Edo society refers to the society of Japan under the rule of the Tokugawa Shogunate during the Edo period from 1603 to 1868.

Edo society was a feudal society with strict social stratification, customs, and regulations intended to promote political stability. The Emperor of Japan and the kuge were the official ruling class of Japan but had no power. The shōgun of the Tokugawa clan, the daimyō, and their retainers of the samurai class administered Japan through their system of domains. The majority of Edo society were commoners divided into peasant, craftsmen, and merchant classes, and various "untouchable" or Burakumin groups.

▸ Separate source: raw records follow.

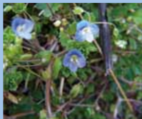
オオイヌノフグリ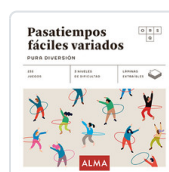
PASATIEMPOS FACILES VARIADOS. PURA DIVERSION SESE, MIQUEL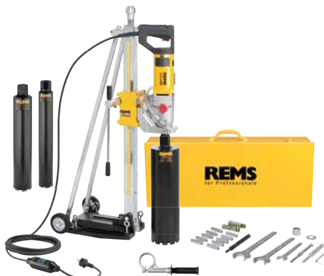
REMS Пикус S3 Сет 62-82-132 Титан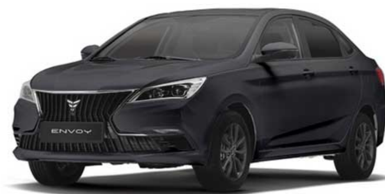
مشکی متالیک Black Metallic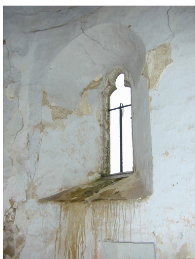
Vue intérieure ; détail IVR53_20023518581NUCA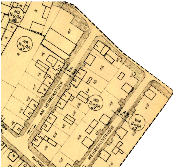
Ausschnitt aus dem Bebauungsplan

Erstellt: Stadtplanungsamt Gustav-Stresemann-Ring 15 65189 Wiesbaden stadtentwicklung@wiesbaden.de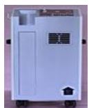
酸素供給装置 (初期費用に含む)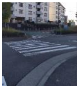
団地からの車の出 入り注意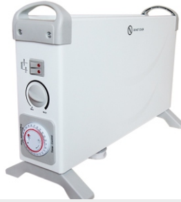
Convecter heater MS 7713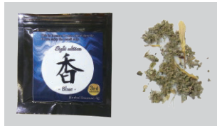
▲危険ドラッグ(ハーブ系)

規制が強化され販売ルートも限定的になりましたが、覚醒剤や大麻に似た成分が含まれていることもある大変危険な薬物です。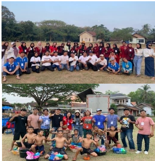
Gambar 16 panitia lomba 17 agustus

Berpartisipasi dalam kegiatan yang diselenggarakan oleh desa kalirejo dan dusun mekarjaya dalam memeriahkan HUT RI Ke-79 dengan berbagai macam perlombaan.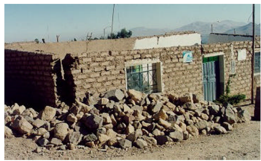
Figura 6. Colapso total y daños severos producidos por el sismo del 2001 en las viviendas de adobe carentes de refuerzo en Moquegua.

The Tokugawa shogunate ruled by dividing the people into four main categories. Older scholars believed that there were Four Occupations (士農工商, Shi-nō-kō-shō) of "samurai, peasants (hyakushō), craftsmen, and merchants" (chōnin) under the daimyo, with 80% of peasants under the 5% samurai class, followed by craftsmen and merchants. However, various studies have revealed since about 1995 that the classes of peasants, craftsmen, and merchants under the samurai are equal, and the old hierarchy chart has been removed from Japanese history textbooks. In other words, peasants, craftsmen, and merchants are not a social pecking order, but a social classification.

The bakumatsu from 1853 on led to growing opposition to the Edo system and it was dismantled after the Meiji Restoration in 1868.

==Historical context==
Feudalism, social stratification, and explicit fine-grained ranking of people existed in Japan long before the Edo period, beginning with attempts as far back as the Taika Reforms in 645 AD, initiating the Ritsuryō legal system that was modeled from Chinese Tang dynasty legal code. The reforms were following a major and devastating coup d'etat attempt by Soga no Emishi, with the events not only exterminating entire clans, but tearing apart a gaping hole in the Japanese indigenous religion, Ko-Shintō, paving the way for a Buddhist-Shinto syncretism of religion.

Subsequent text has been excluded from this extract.